It's neat to see not just Inform games in the comp. This is an effort from BadDog, who is new on the scene. It's set in Grittyville (Aw, man! Now I should've totally written my introcomp game last year. It was called Grubbyville. I may or may not have to change it now. You snooze, you loose) and advertises itself as a sort of noir adventure.
Unfortunately, it plays a bit like an introductory effort: a sprawling map, lots of unimplemented stuff in the room description, not enough synonyms, and even a place where I got caught because my usual plow-through methods don't work (TADS lets you X ALL, SEARCH ALL and L UNDER ALL.) The rejection methods are a bit weak, with "ATTACK RAMON" giving "You don't know how to do that." This isn't a creative fault of itself, but it does force the player to be familiar with text adventure tropes. And if they are, they'll probably be familiar enough with other things that the game never gives any surprise. The thing is--a synonym doesn't make a game by itself, but you miss a few, and the player has trouble.
And while there are no obvious howlers, it's a bit too predictable. I sort of figured everyone was in on it, and the people there to help me felt paper thin. Marla and Ella are...just names. The score is based on killing people, including one insane person.
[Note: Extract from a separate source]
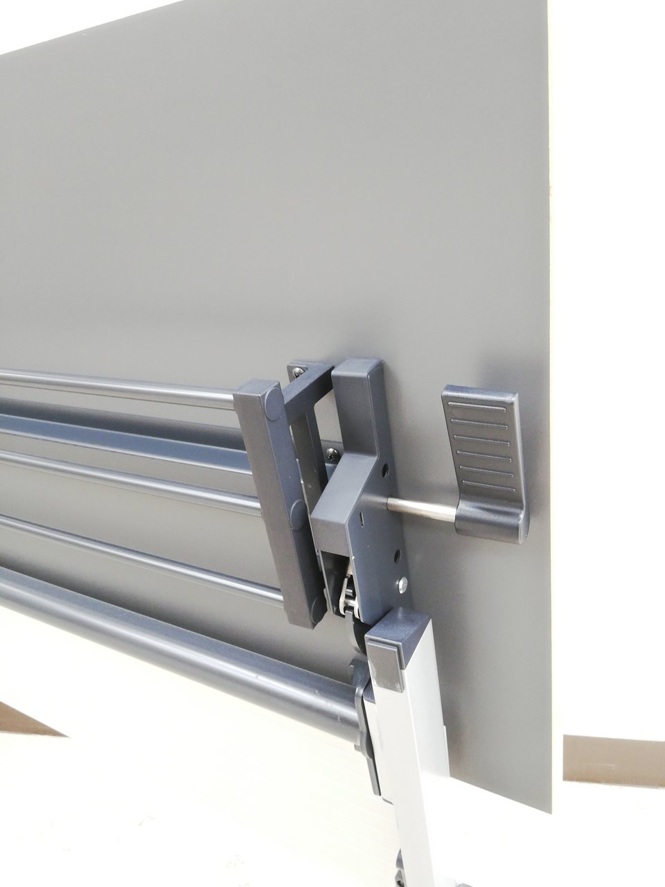 従来型のサイドスタックテーブルでございまして、キャスター付きで、天板を「くるっ」と回転できますので、使用しない時は畳んで片付け可能でございます!

And what's worse, you never do see your status. There are plenty of foods to eat to replenish your health, but you don't have a health bar anywhere (you need to type SCORE, which gives your enemies a free attack, as does X ENEMY to get their hit points,) and when you grab the police chief's burger during that big fight and the game comments it tastes good, it's the wrong sort of stoicness.
But I think this game has decent organization. It's better than the IFComp 2014 TADS game Slasher Swamp, which sort of checked off on the various elements of a swamp/horror movie and gave you a lot of locations without going into detail. Mean Streets is more orderly and constrained, without anything disbelievable, or painful mapping where going east twice leads you back where you were. It's just--when I was told I couldn't go somewhere, I figured, oh, I need to figure why person X is in on it. Hm, who else is? There was some fiddly stuff with ENTER GREEN disambiguating to the green key or green door? And not having directions to enter the door. And the formula of finding an X KEY in a drawer, using it to unlock an X, and moving on.
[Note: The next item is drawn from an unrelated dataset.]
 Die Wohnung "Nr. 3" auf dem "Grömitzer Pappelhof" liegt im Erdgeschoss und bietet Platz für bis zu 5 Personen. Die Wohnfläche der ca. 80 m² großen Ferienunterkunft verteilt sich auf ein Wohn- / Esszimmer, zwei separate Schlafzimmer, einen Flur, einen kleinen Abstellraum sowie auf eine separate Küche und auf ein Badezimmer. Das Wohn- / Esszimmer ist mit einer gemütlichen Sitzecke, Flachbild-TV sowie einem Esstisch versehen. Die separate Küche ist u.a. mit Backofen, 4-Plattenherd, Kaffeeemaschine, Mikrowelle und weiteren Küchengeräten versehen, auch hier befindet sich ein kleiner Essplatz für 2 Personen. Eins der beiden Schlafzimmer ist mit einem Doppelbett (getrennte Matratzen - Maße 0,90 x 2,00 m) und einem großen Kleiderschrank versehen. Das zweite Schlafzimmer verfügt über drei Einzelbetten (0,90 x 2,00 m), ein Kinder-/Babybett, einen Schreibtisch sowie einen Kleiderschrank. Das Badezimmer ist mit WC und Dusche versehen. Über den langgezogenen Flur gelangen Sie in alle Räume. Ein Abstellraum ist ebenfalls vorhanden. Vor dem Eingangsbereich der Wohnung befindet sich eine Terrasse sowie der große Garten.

The game feels free of basic bugs. But it doesn't really have a pulse, and it only feels noir because it told me so. It's a bit paint-by-numbers, which is nothing to be ashamed of, and I hope I'm not being too harsh. I'd like to be able to ask Ella about more, or Marla, or even Samson. It's too tidy how he commits suicide. We don't have enough of Dirk's back story. So I wound up checking off on what to do instead of wondering what Dirk does next.
We need these sorts of efforts to learn on. This may be particularly harsh. I'd like to see a lot more attention to detail
in a remake. From IFDB, it seems the author has already made progress,
and that's good. The author has contacted me, and I think they'll be trying a bit more, later. I look forward to them making a post-comp release. I think one big thing about that first release is that you don't realize what can or should be done, but if you'd known... and ParserComp seems to allow you to fix this in a less competitive environment than IFComp.